About this task – Output exactly, in the material below, the lines from the one with "2004 Pol Roger" through the one with "Step inside and". Omit all pictures.

Data to use –
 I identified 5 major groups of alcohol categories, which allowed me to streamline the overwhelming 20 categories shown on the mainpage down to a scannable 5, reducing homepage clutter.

==

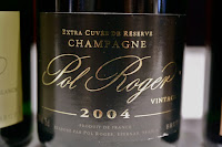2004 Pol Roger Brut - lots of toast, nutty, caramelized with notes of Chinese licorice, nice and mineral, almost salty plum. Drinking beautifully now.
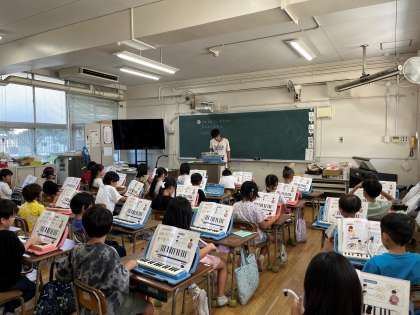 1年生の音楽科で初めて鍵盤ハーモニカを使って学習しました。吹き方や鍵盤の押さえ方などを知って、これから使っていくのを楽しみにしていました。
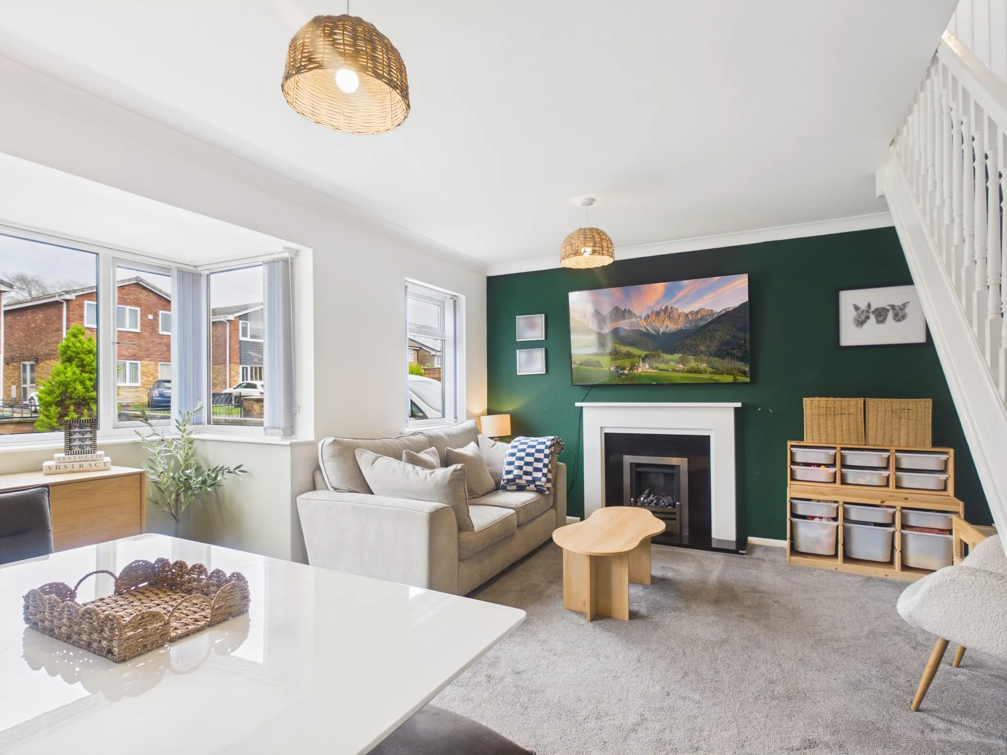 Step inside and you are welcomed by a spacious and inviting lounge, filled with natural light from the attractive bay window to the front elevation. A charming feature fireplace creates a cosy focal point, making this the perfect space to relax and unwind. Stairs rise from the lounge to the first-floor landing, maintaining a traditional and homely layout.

Solution –
2004 Pol Roger Brut - lots of toast, nutty, caramelized with notes of Chinese licorice, nice and mineral, almost salty plum. Drinking beautifully now.
 1年生の音楽科で初めて鍵盤ハーモニカを使って学習しました。吹き方や鍵盤の押さえ方などを知って、これから使っていくのを楽しみにしていました。
 Step inside and you are welcomed by a spacious and inviting lounge, filled with natural light from the attractive bay window to the front elevation. A charming feature fireplace creates a cosy focal point, making this the perfect space to relax and unwind. Stairs rise from the lounge to the first-floor landing, maintaining a traditional and homely layout.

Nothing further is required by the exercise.